I'll be tying up some of them when I get past a bunch of leadhead orders...


----------



## FLFlyGuy (Jan 15, 2019)

I went two weeks ago to Everglades City and threw the same lightbulb for 3 hrs and caught probably 20-30 fish. All snook and redfish, mostly average size fish but that lightbulb was the ticket. I had to re tie my leader about 6 times but that lightbulb stayed strong the whole day. It’s now retired to my memory wall with some pictures


----------



## bonehead (Dec 9, 2016)

might have to tie some of these guys up!


----------



## Scrather (Mar 12, 2018)

Nice looking fly, it looks like it might be effective on white sand flats for bones etc.


----------



## lemaymiami (Feb 9, 2007)

What hook sizes are y’all tying these in?


----------



## k-roc (Feb 8, 2018)

For the beach I like smaller ones, sz 1 or 2.


----------



## MrFred (Sep 8, 2020)

k-roc said:


> Hi, does anyone have a link to fly tying this pattern? I've tied stuff that is close to it, would'nt mind tying the exact one this time around. It's just a smallish white fly with loads of flash. Works great on the beach.
> Tom Shadley from Mangrove Outfitters invented it, and for a year or so Montana Fly Co. was producing it.


----------



## MrFred (Sep 8, 2020)

Here it is


----------



## k-roc (Feb 8, 2018)

Awesome!!


----------



## Moore Lyon and Quick (Aug 26, 2015)

I tie something similar - "Flash Bang" - a clouser/Charlie hybrid. Marine green/Pearl polarflash wing, pearl polarflash tail with UV krystal flash, pearl bodi braid body with a wrap of clear rib,and a collar of chart. sanyo dubbing. Only problem is the polarflash wing can foul with a lot of blind casting - have to untangle it every so often.


----------



## GladesFlyFishing (Jan 17, 2020)

We also sell a tying kit for that fly. Mangrove Outfitters At-Home Fly Tying Kit


----------



## GladesFlyFishing (Jan 17, 2020)

lemaymiami said:


> What hook sizes are y’all tying these in?

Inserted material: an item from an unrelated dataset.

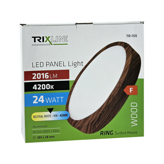 Kruhový přisazený LED panel Trixline TR-155 o výkonu 24W se světelným tokem 2016lm a neutrální bílou barvou světla 4200K. Působivý design v dekoru dřeva. Panel je vyroben z kvalitního hliníku. Díky použité LED technologii ušetříte až 85% energie. Je určen do interiéru. Vnější rozměr světla je ø28,5x2,8cm. Rychlá a snadná instalace.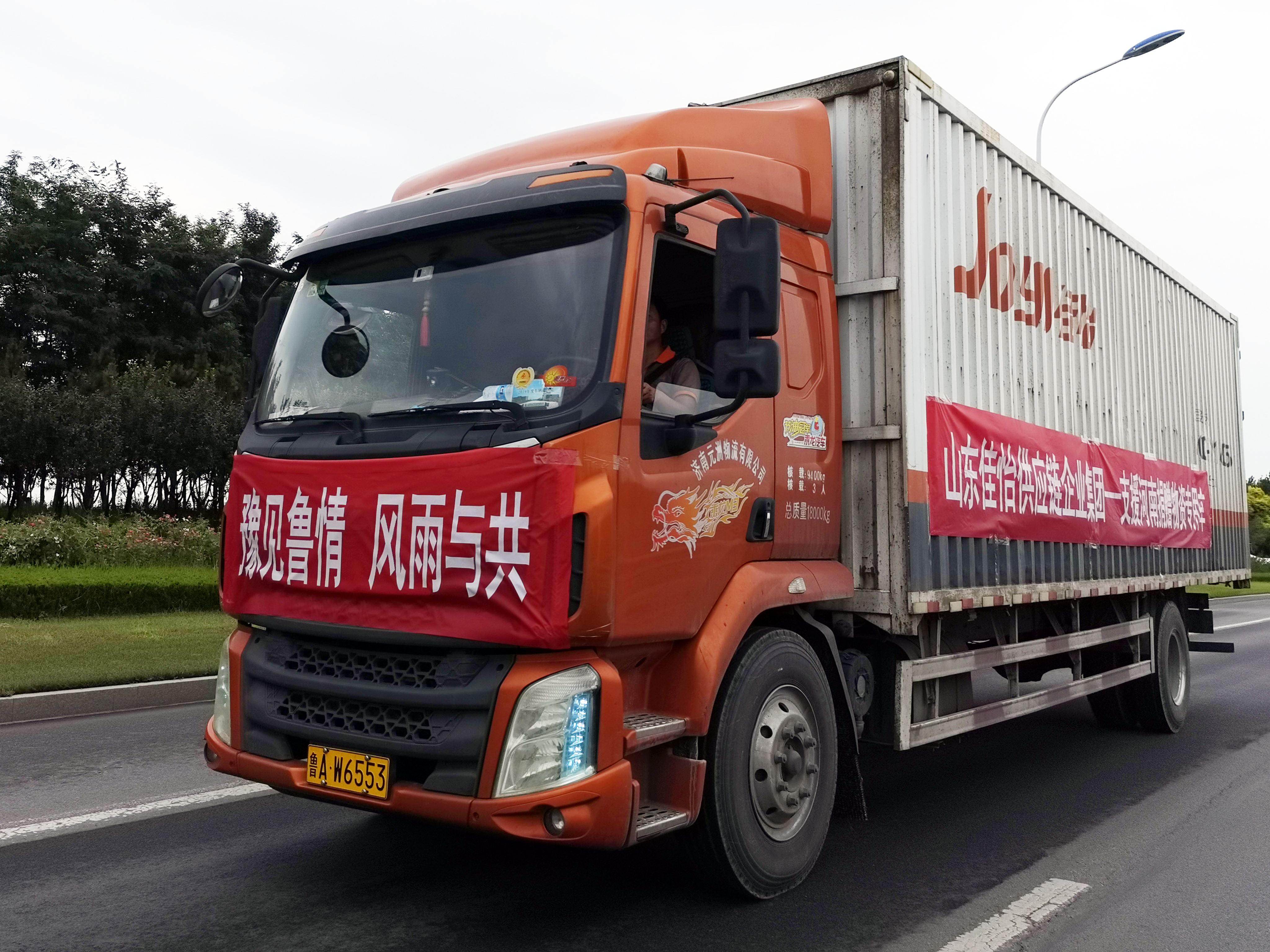 7月25日晚,由佳怡義務(wù)承運(yùn)的滿載宏濟(jì)堂制藥藿香正氣水、復(fù)方西羚解毒膠囊等防疫藥品和力諾瑞特太陽能熱水器、帳篷等救災(zāi)物資的大型貨車,從力諾智慧園出發(fā)駛向河南,日夜兼程、風(fēng)雨無阻,26日下午,救災(zāi)物資安全送達(dá)鄭州市、周口市、新鄉(xiāng)市,用于災(zāi)區(qū)救援、防疫、重建家園工作,為災(zāi)區(qū)人們送去健康和愛心。

Tom invented the Lightbulb to fish dock lights originally. There is both white and pink glow in it. It has evolved into a fly that we tie from size 6 to 2/0. I use the big ones for Tarpon and blind casting in dirty water. I throw it about 95% of the time now.


----------



## tunataker (Jul 8, 2018)

I can’t imagine tying a fly with mostly flashabou. It doesn’t look very durable especially when used from the beach. If it catches a nice fish who cares but I would probably add the flash surrounded by Super hair or something that can take more abuse.


----------



## GladesFlyFishing (Jan 17, 2020)

tunataker said:


> I can’t imagine tying a fly with mostly flashabou. It doesn’t look very durable especially when used from the beach. If it catches a nice fish who cares but I would probably add the flash surrounded by Super hair or something that can take more abuse.


Man, I don't know about that.I caught over 70 Snook on one before I lost it to a broken leader.


----------



## Loogie (Jul 24, 2019)

Nice fly, but easier to tie a Schminnow...


----------